Asti grinste, es war so interessant, wie konsequent Jami vorging. Hatte er sich einmal etwas in den Kopf gesetzt, setzte er es gnadenlos durch – und wenn es hieß, eine Frau zu töten, weil sie die falsche Entscheidung getroffen hatte.

Das Klopfen wurde jetzt so laut, dass beide sich davon belästigt fühlten. Jami ging zur Tür. Er öffnete sie mit einem Ruck. Dort standen zwei Männer, die wohl ziemlich nass geworden waren.

Der eine hatte längere schwarze Haare und der andere dasselbe in braun, dieser war jedoch ein ganzes Stück größer und doch war er kleiner als sein Gegenüber. Jami überragte kaum jemand, er war ja auch fast 1.90 groß.

„Ach, was treibt euch denn hierher?“

Asti schielte nach hinten und erblickte Mezcal und den anderen, eher stillen Zeitgenossen. Sie war nicht ganz so erfreut, ihn hier zu sehen…
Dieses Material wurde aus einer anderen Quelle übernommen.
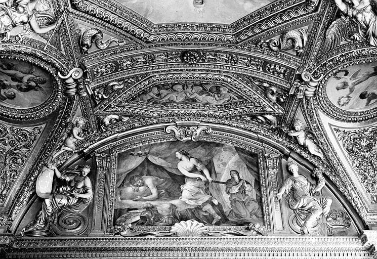 POP | Plateforme ouverte du patrimoineAppartements d'Anne d'Autriche, plafond peint de la salle des Antonins (ancienne chambre) : Judith et Holopherne (lunette)

„Was machst du hier?“ Der Braunhaarige ging einfach an Jami vorbei, was dieser äußerst ungehobelt fand, um sich mit der Frau zu unterhalten, statt Jami eine Antwort zu geben.

Mezcal zuckte mit den Schultern. „Anscheinend kennt er sie schon, was für eine Überraschung.“

„So überraschend finde ich das nicht, sie hatte die Idee…“, flüsterte Jami ihm zu und dieser staunte nicht schlecht.

Ja, alles passt ins Bild. Ist ja unglaublich, dass die sich bereits kennen. Kleine Welt.

„Gut, dass ihr beide da seid. Mezcal, warte bitte draußen“, forderte die Schwarzhaarige und ließ ihn nicht gerade erfreut dreingucken.

Auch mal wieder… Immer schickt sie mich raus. Sie traut mir nicht. Ganz schlecht. Wenn sie mir nicht traut, dann hat der Boss sicher auch Bedenken. Was will sie mit ihm besprechen, was ich nicht wissen darf? Betrifft es mich etwa?

Ohne ein Murren verließ Mezcal das Zimmer und ließ den um ein Jahr älteren Mann mit Jami und Asti alleine.

„Warum schickst du ihn raus?“ Man konnte seine Stimmlage schon erbost nennen. „Er ist mein bester Freund geworden! Jemand, dem ich meine Seele anvertrauen würde…“ Nach den Worten stand die Grünäugige auf und knallte ihm eine. Wie einem Schuljungen, der etwas ausgefressen hatte, schenkte sie ihm Blicke.

„Was hab ich jetzt falsch gemacht?“ Es traf den 25-jährigen sehr, wenn sie ihn so behandelte, er mochte sie wirklich gerne.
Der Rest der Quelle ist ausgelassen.